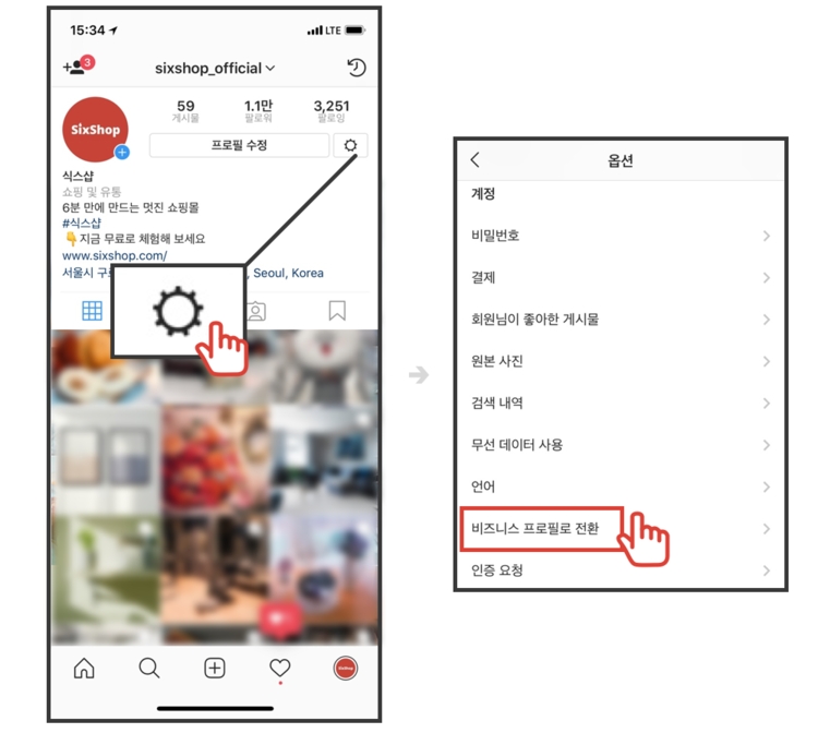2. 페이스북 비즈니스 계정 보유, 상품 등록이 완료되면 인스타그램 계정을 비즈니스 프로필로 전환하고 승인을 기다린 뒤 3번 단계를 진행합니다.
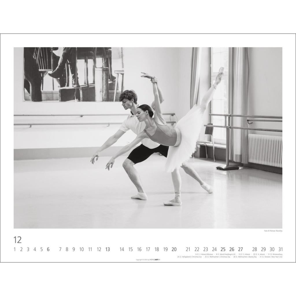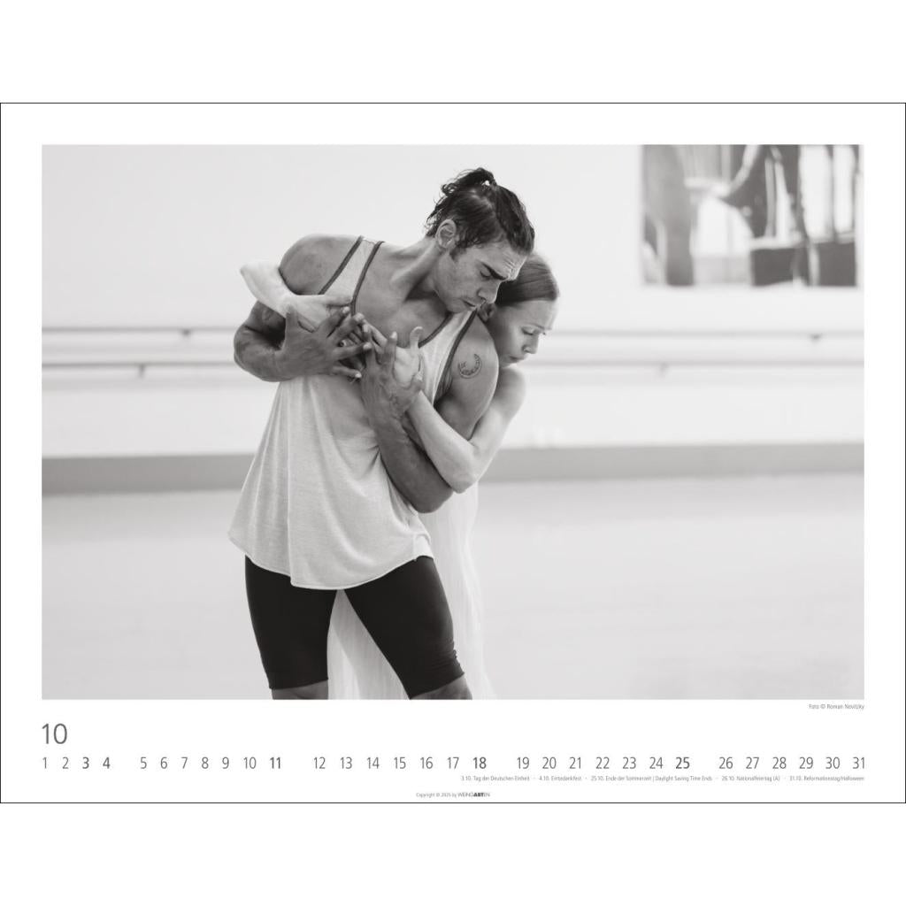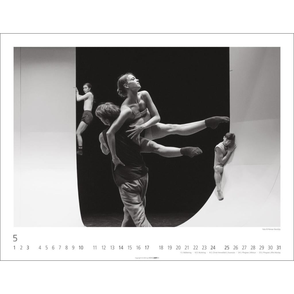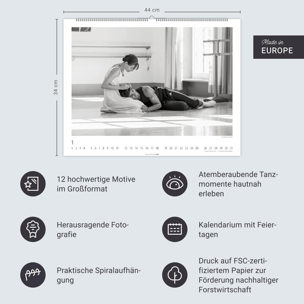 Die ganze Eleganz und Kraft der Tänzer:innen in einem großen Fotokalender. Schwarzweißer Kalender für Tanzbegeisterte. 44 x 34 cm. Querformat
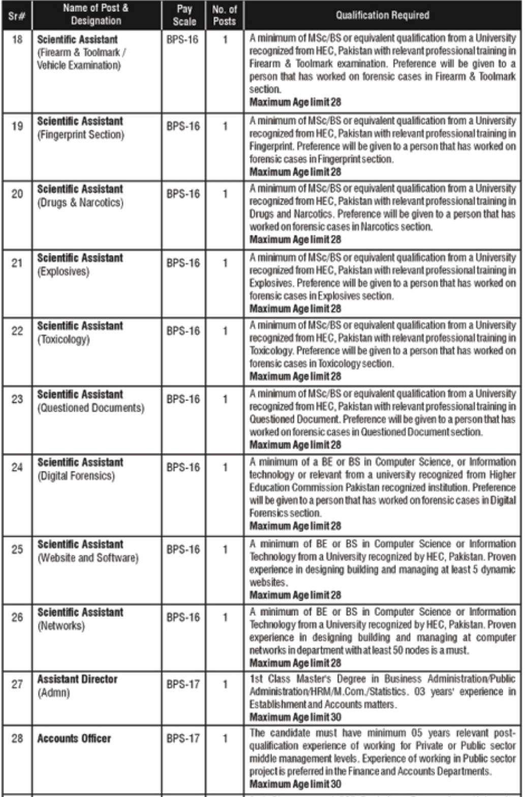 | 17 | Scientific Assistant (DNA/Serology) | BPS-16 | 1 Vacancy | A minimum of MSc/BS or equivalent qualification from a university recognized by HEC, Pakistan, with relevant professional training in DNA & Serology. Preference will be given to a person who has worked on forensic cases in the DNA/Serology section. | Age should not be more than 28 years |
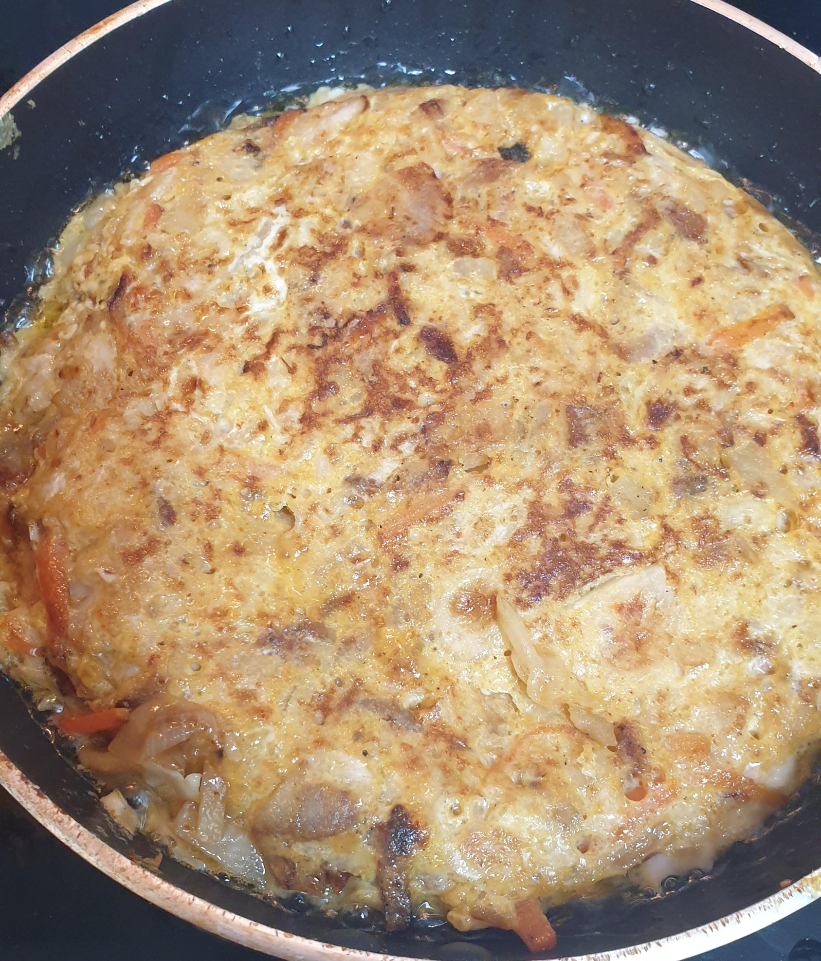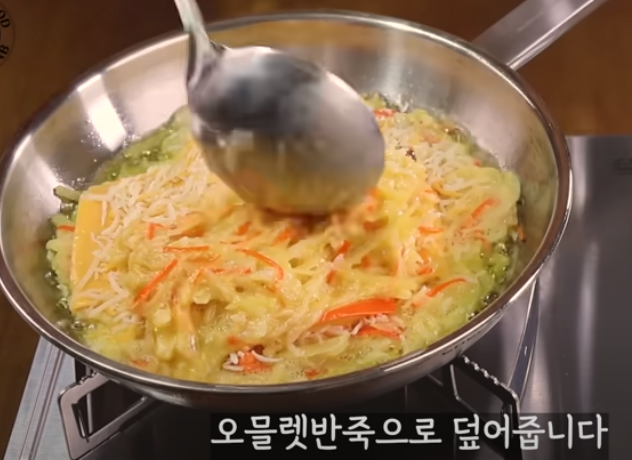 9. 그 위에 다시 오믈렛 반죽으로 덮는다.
------------------------------------
# AIM OF THE TASK:
Print only the lines from the opening line of the listing to the line containing "Die ganze Eleganz", inclusive, exactly as they appear and without pictures.

# ANSWER FOR THE TASK:
2. 페이스북 비즈니스 계정 보유, 상품 등록이 완료되면 인스타그램 계정을 비즈니스 프로필로 전환하고 승인을 기다린 뒤 3번 단계를 진행합니다.
 Die ganze Eleganz und Kraft der Tänzer:innen in einem großen Fotokalender. Schwarzweißer Kalender für Tanzbegeisterte. 44 x 34 cm. Querformat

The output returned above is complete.